Dassault Aviation has stated that it freely chose Reliance Industries as its joint venture in India, amid media reports that it did so at the behest of the Narendra Modi government.

In a statement, it notes that to comply with India’s Defence Procurement Procedure, it is required to provide industrial offsets amounting to 50% of the deal.

“In order to deliver some of these offsets, Dassault Aviation has decided to create a joint-venture,” says the company. “Dassault Aviation has freely chosen to make a partnership with India’s Reliance Group. This joint-venture, Dassault Reliance Aerospace Ltd (DRAL), was created February 10, 2017.”

Dassault’s statement, which it terms a “clarification,” comes amid media reports in India that allege the government forced Dassault to work with Reliance Group, which is run by Anil Ambani, reportedly a friend of Modi.
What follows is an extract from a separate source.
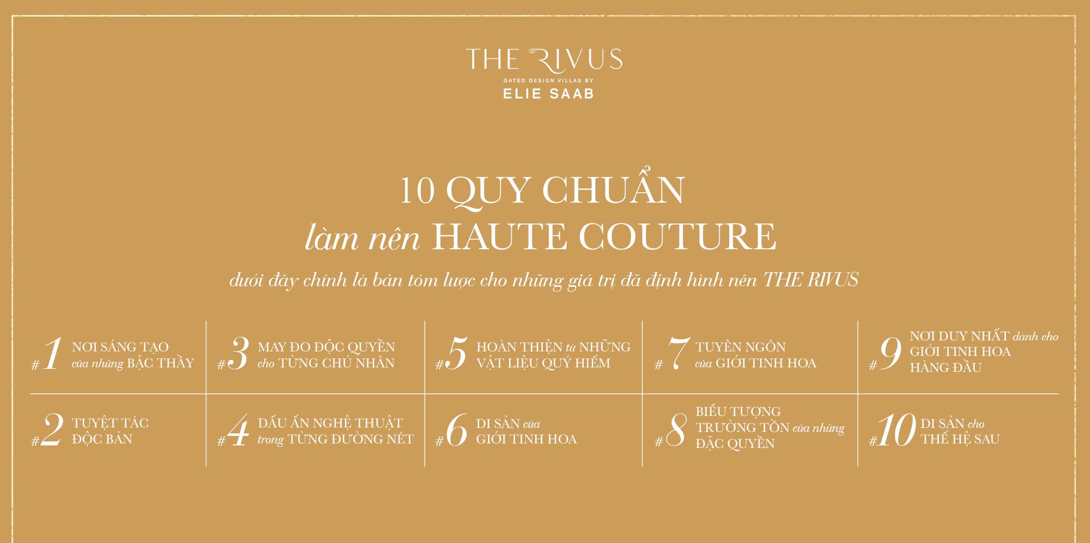 Lần đầu tiên tại châu Á, âm hưởng nghệ thuật Haute Couture được mang vào không gian sống của Khu dinh thự THE RIVUS bởi chính đôi bàn tay huyền thoại ELIE SAAB cùng những kiến trúc sư, chuyên gia bậc thầy trong lĩnh vực thiết kế.

In September, former French president Francois Hollande reportedly said that the Modi government put Reliance forward as Dassault’s partner. After this, allegations against Modi and his Bharatiya Janata Party over the Rafale deal have been playing in Indian media, fuelled by the rival Congress Party.

The allegations received an additional boost with a 10 October report in French online portal Mediapart, which claims to possess an internal company document in which an unnamed Dassault executive states the company was obligated to work with Reliance. It is this report that apparently prompted Dassault’s clarification.

“Other partnerships have been signed with other companies such as BTSL, DEFSYS, Kinetic, Mahindra, Maini, and SAMTEL,” adds Dassault. “Other negotiations are ongoing with a hundred-odd other potential partners.”

DRAL is setting up a factory in Nagpur that will initially produce parts for the Falcon 2000 business jet, but later will produce parts for the Rafale. The company is training an Indian management team at its factory in Biarritz, where Indian workers are also learning its manufacturing techniques.

Air Chief Marshall BS Dhanoa recently described the 2016 decision to obtain the 36 aircraft as an “emergency buy” to shore up India’s falling number of fighter squadrons. The nation has 33 combat squadrons against an authorised strength of 42.5.

The Rafale had been selected in the Medium Multi-Role Combat Aircraft (MMRCA) competition, but this deal fell through in 2015 amid disagreements between Dassault and Hindustan Aeronautics (HAL), which would build 108 of the 126 aircraft that the competition called for.

Dassault, for its part, appears to have desired Reliance as a partner for some years. After winning the MMRCA deal in 2012, it initially wanted to build the fighters locally with Reliance. This put it odds with HAL and the terms of the MMRCA competition.